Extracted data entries
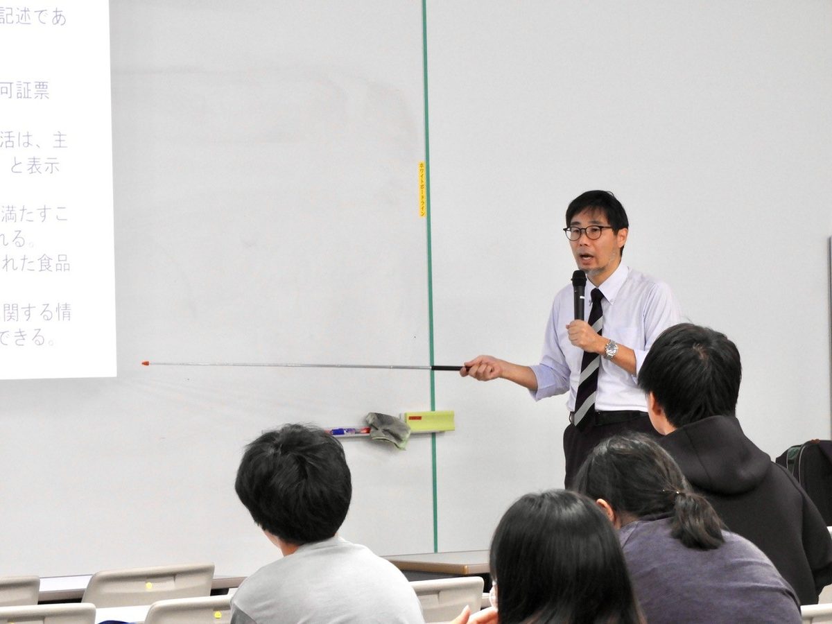 今回は、狩生 徹 氏(尚絅大学生活科学部栄養科学科 教授)を講師に迎え、「食品機能性の科学」についての研修講義が行われました。農学部の応用植物科学科(現:農学科)、応用動物科学科(現:動物科学科)、バイオサイエンス学科(現:食生命科学科)の4年次生が参加し、特定保健用食品や機能性表示食品と一般の食品の違いをはじめ、食品に含まれる機能性成分が体にどのように働くか、食品表示や法律などについて学びました。
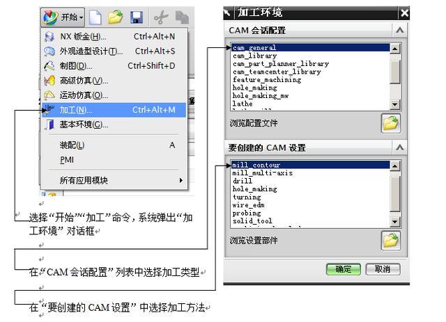 UG/CAM加工环境是指进入UG的制造模块后进行加工编程作业的软件环境,它是实现UG/CAM加工的起点。点击“开始”菜单,在弹出的菜单中选择“加工”命令,便进入UG的加工应用模块。
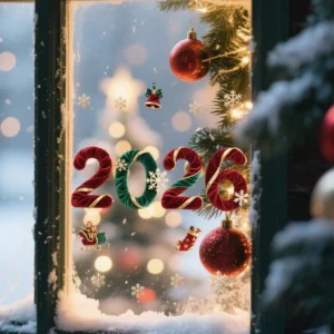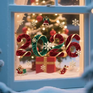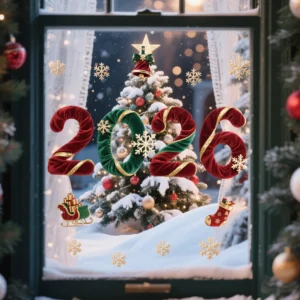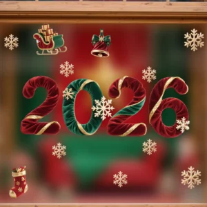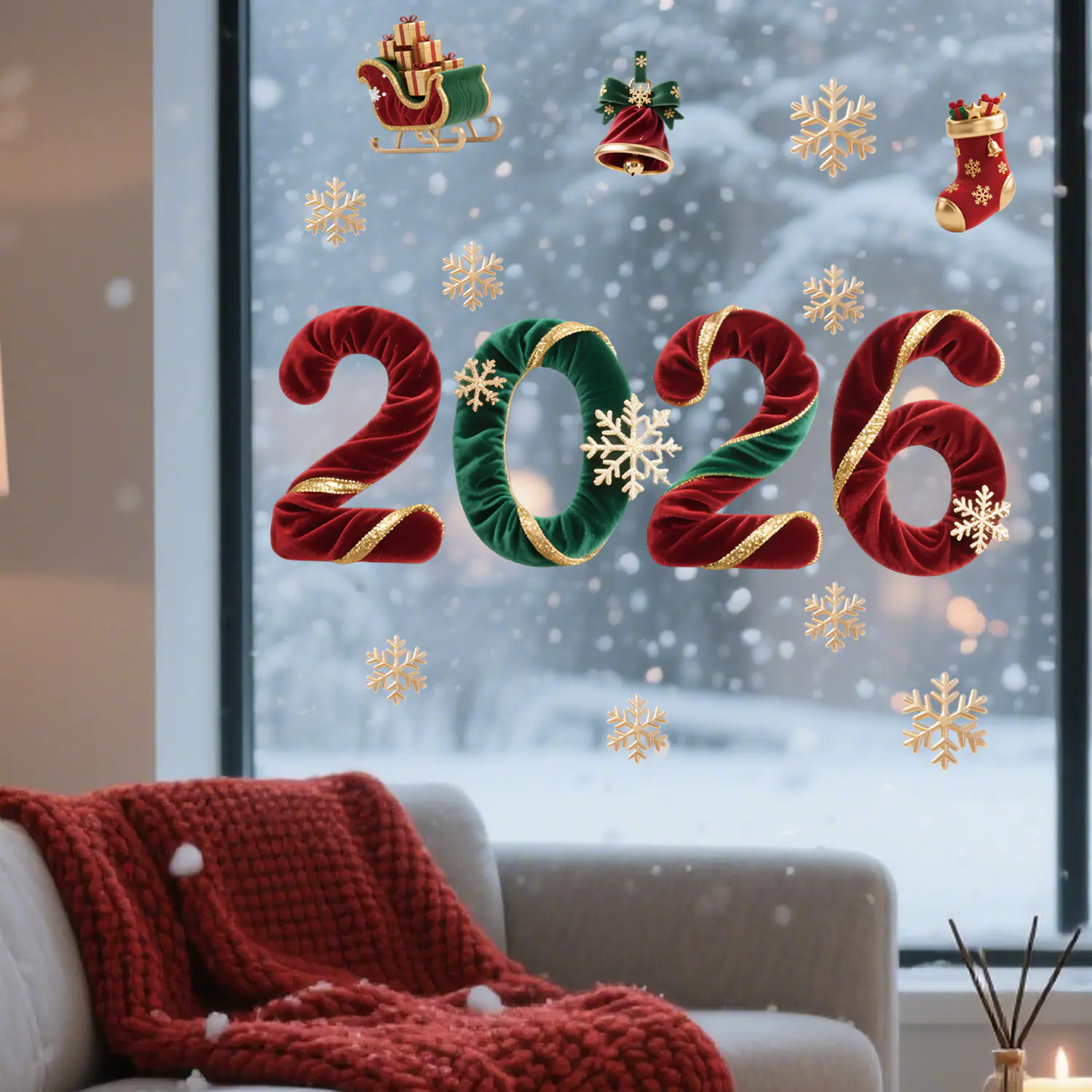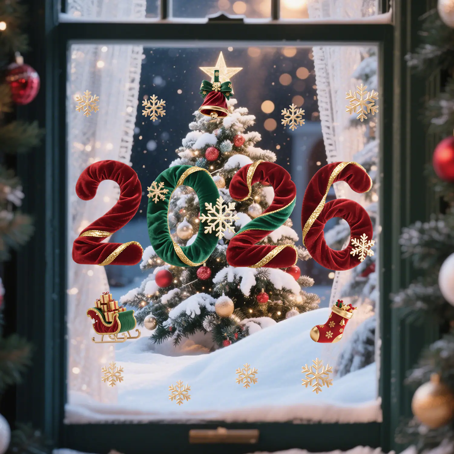 2026 New Silk Material Static Cling Decal, Removable PVC Sticker for Christmas Atmosphere Decor in Shopping Malls
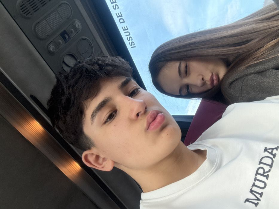 - "The image depicts two young individuals, one male and one female, captured in a selfie-style photograph inside a vehicle" by FM-w6ocp1, licensed under CC BY 4.0
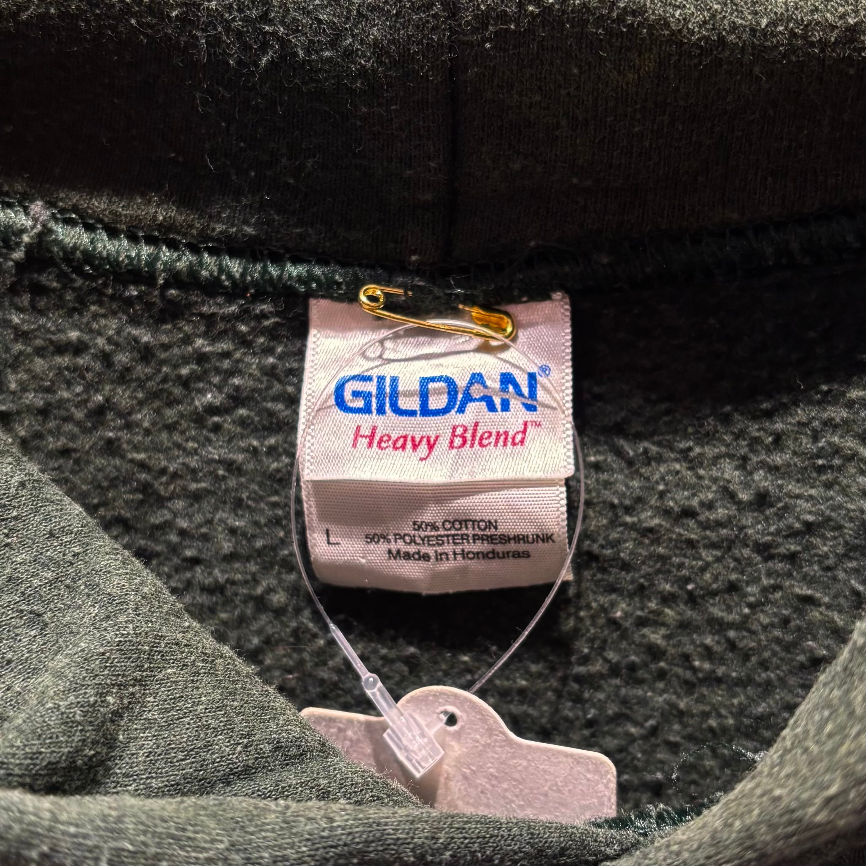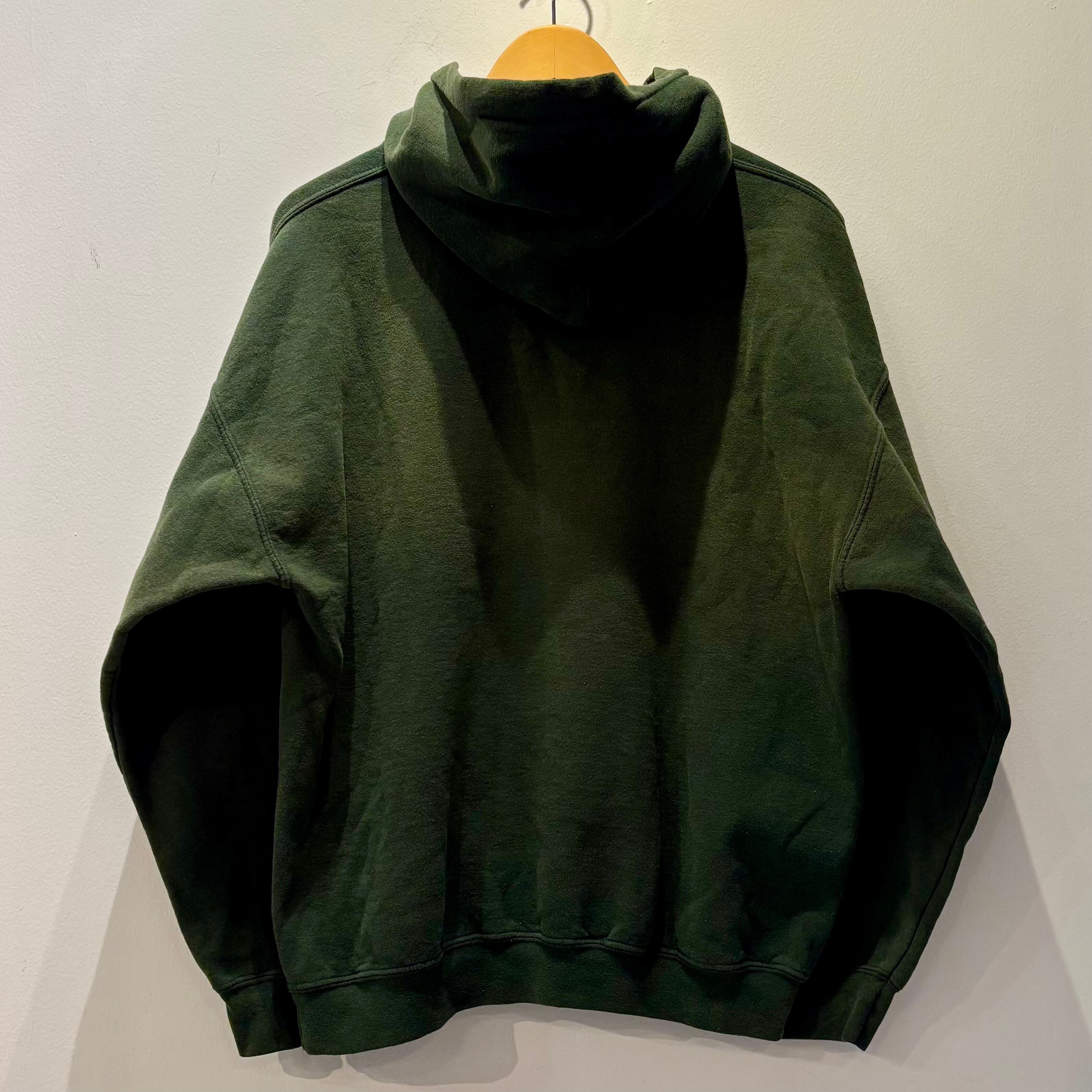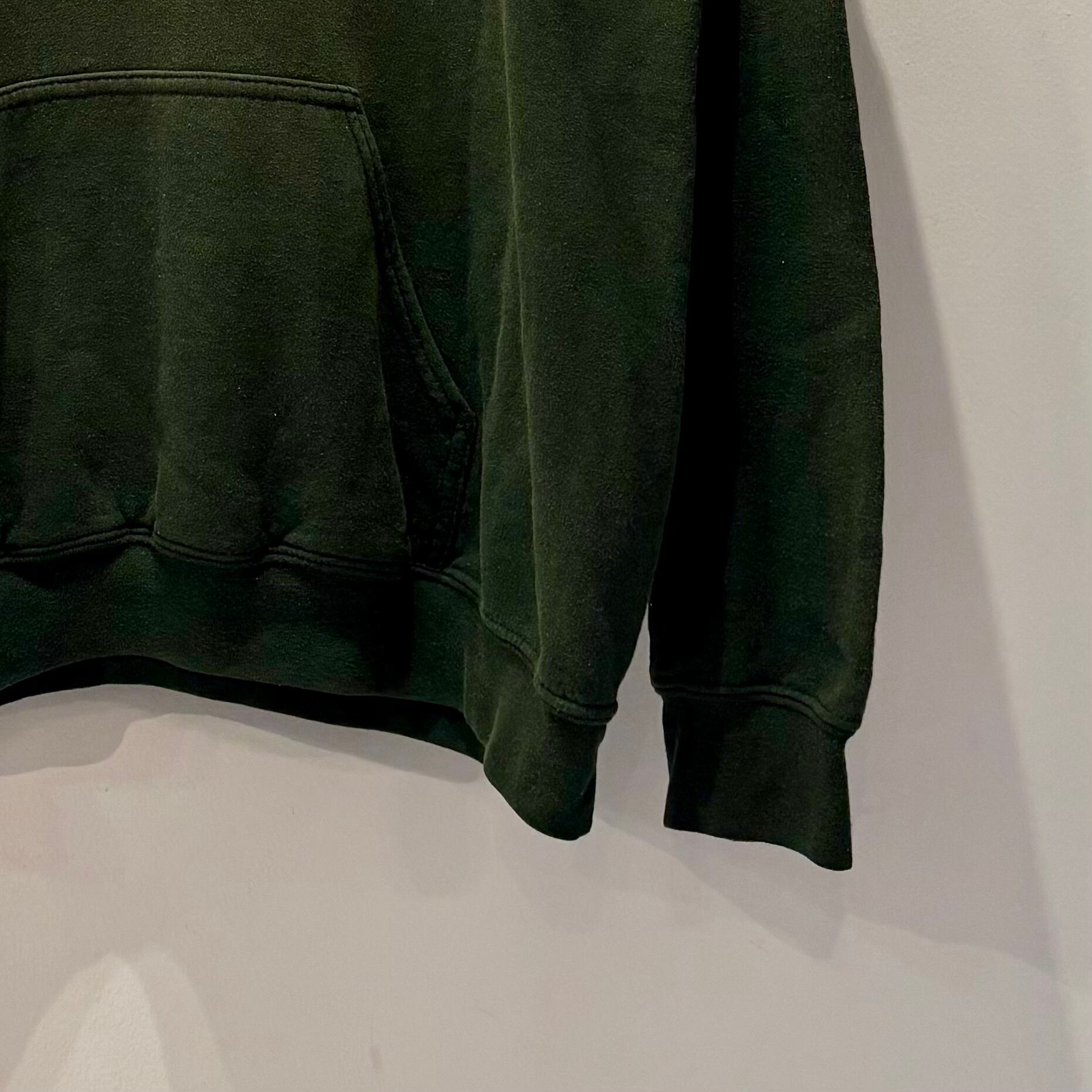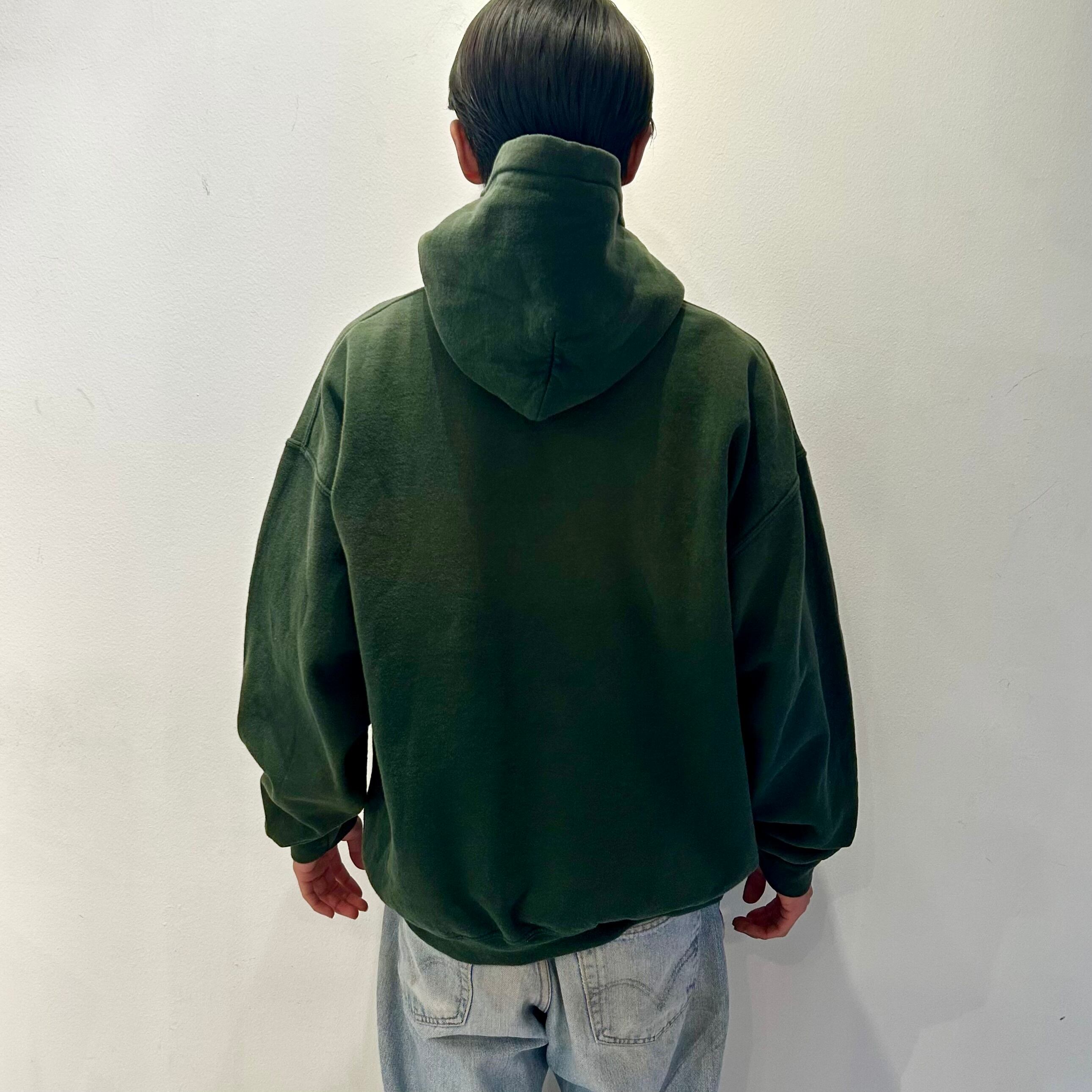 ダークグリーンの裏起毛素材、フロントにロゴとロゴマーク、ALL INプリントが入るシンプルデザインです。
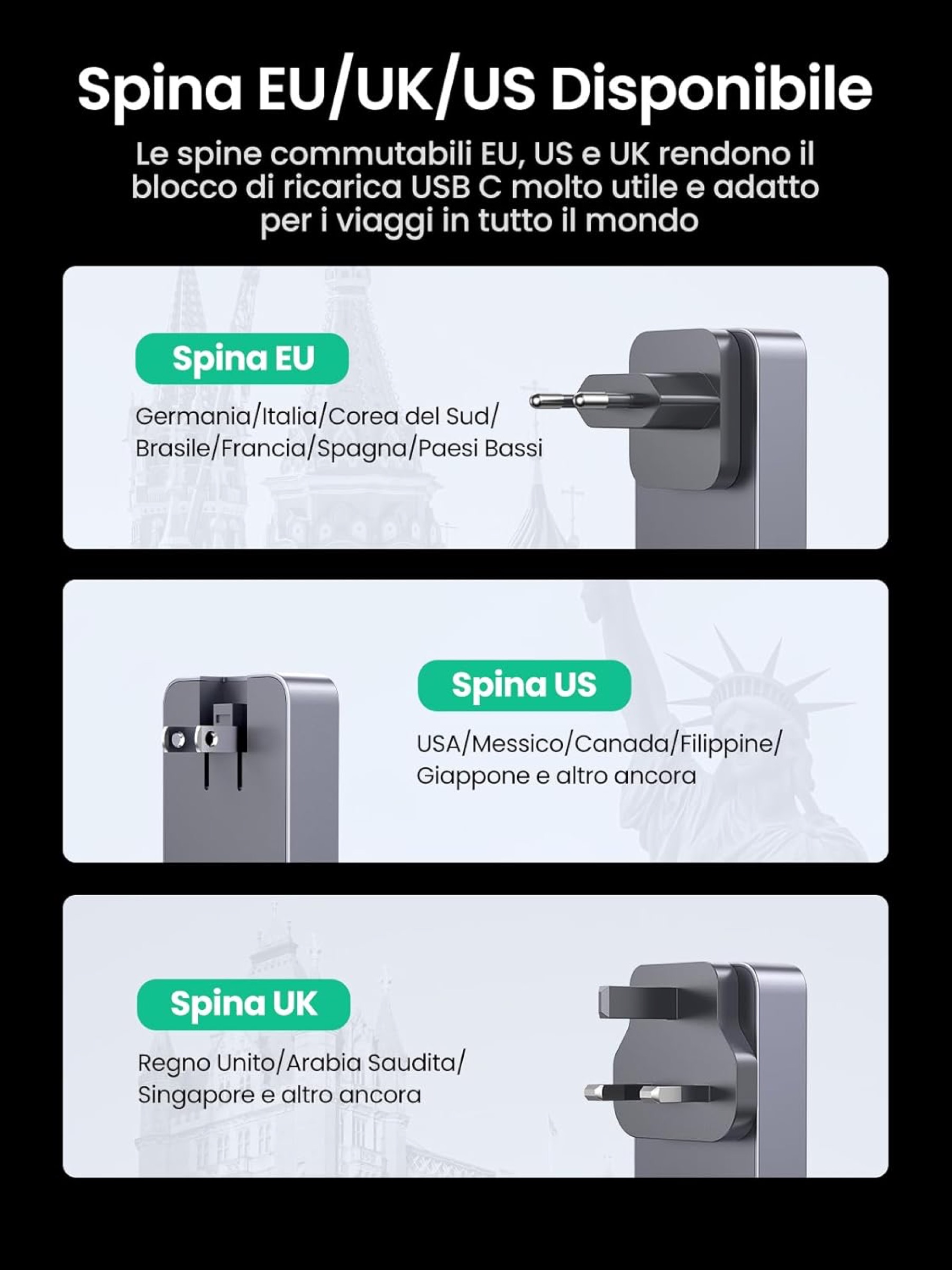 È un caricatore che non solo potete utilizzare tutto il giorno e tutti i giorni in casa e in ufficio, ma ve lo portate anche in vacanza perché la spina può essere facilmente sostituita con una di quelle presenti in confezione: incorpora infatti la presa US, mentre agganciando l’adattatore EU oppure quello UK lo utilizzate indistintamente in America e in Europa senza dover usare altro.
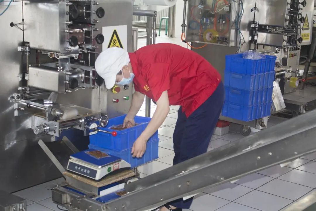 盛夏七月,走进宁夏红山河食品股份有限公司内包装车间,杨春霞正在进行蘸料内包装工作,打包、称重、传送,一气呵成。
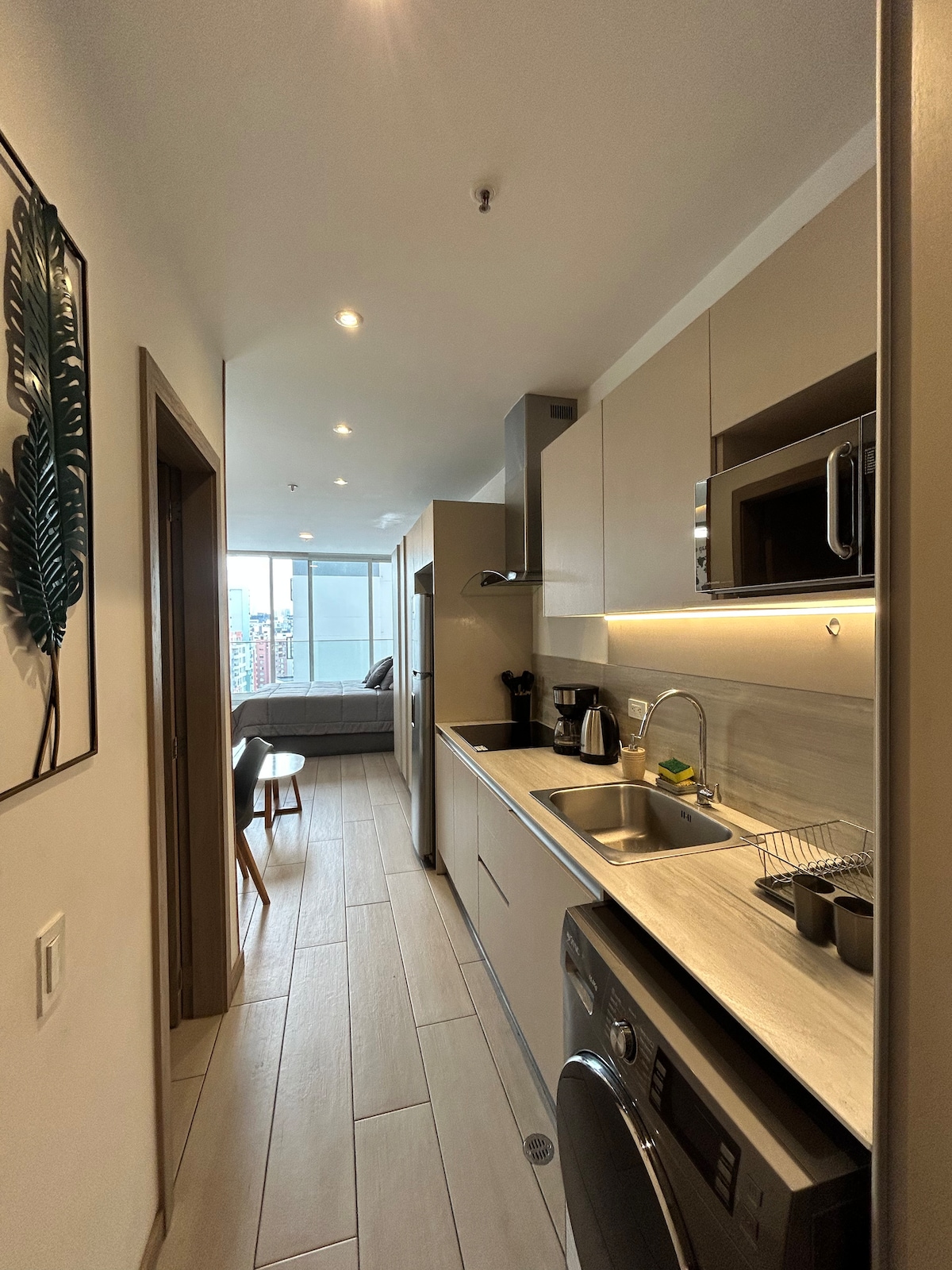 라 캐롤라이나 공원이 바로 보이는 14층에 위치한 현대적이고 새로운 스튜디오입니다. 스튜디오 편의시설: • 초고속 광섬유 와이파이 • 55인치 QLED 스마트 TV • 매우 편안한 침대 • 주방 시설 완비 • 모던한 욕실 • 스마트록 • 연중무휴 보안 사교 공간(17층): • 헬스장 • 와이파이가 있는 공동 작업 공간 • 게임룸 • 바비큐 공간 • 자쿠지(2박 이상 숙박 시에만 이용 가능) 최고의 위치, 키토 지하철, 쇼핑몰, 레스토랑에서 단 15분 거리에 있습니다.

• [WORK ORDER]: Repeat the data exactly in full, omitting its pictures.

• [ANSWER]:
 今回は、狩生 徹 氏(尚絅大学生活科学部栄養科学科 教授)を講師に迎え、「食品機能性の科学」についての研修講義が行われました。農学部の応用植物科学科(現:農学科)、応用動物科学科(現:動物科学科)、バイオサイエンス学科(現:食生命科学科)の4年次生が参加し、特定保健用食品や機能性表示食品と一般の食品の違いをはじめ、食品に含まれる機能性成分が体にどのように働くか、食品表示や法律などについて学びました。
 UG/CAM加工环境是指进入UG的制造模块后进行加工编程作业的软件环境,它是实现UG/CAM加工的起点。点击“开始”菜单,在弹出的菜单中选择“加工”命令,便进入UG的加工应用模块。
 2026 New Silk Material Static Cling Decal, Removable PVC Sticker for Christmas Atmosphere Decor in Shopping Malls
 - "The image depicts two young individuals, one male and one female, captured in a selfie-style photograph inside a vehicle" by FM-w6ocp1, licensed under CC BY 4.0
 ダークグリーンの裏起毛素材、フロントにロゴとロゴマーク、ALL INプリントが入るシンプルデザインです。
 È un caricatore che non solo potete utilizzare tutto il giorno e tutti i giorni in casa e in ufficio, ma ve lo portate anche in vacanza perché la spina può essere facilmente sostituita con una di quelle presenti in confezione: incorpora infatti la presa US, mentre agganciando l’adattatore EU oppure quello UK lo utilizzate indistintamente in America e in Europa senza dover usare altro.
 盛夏七月,走进宁夏红山河食品股份有限公司内包装车间,杨春霞正在进行蘸料内包装工作,打包、称重、传送,一气呵成。
 라 캐롤라이나 공원이 바로 보이는 14층에 위치한 현대적이고 새로운 스튜디오입니다. 스튜디오 편의시설: • 초고속 광섬유 와이파이 • 55인치 QLED 스마트 TV • 매우 편안한 침대 • 주방 시설 완비 • 모던한 욕실 • 스마트록 • 연중무휴 보안 사교 공간(17층): • 헬스장 • 와이파이가 있는 공동 작업 공간 • 게임룸 • 바비큐 공간 • 자쿠지(2박 이상 숙박 시에만 이용 가능) 최고의 위치, 키토 지하철, 쇼핑몰, 레스토랑에서 단 15분 거리에 있습니다.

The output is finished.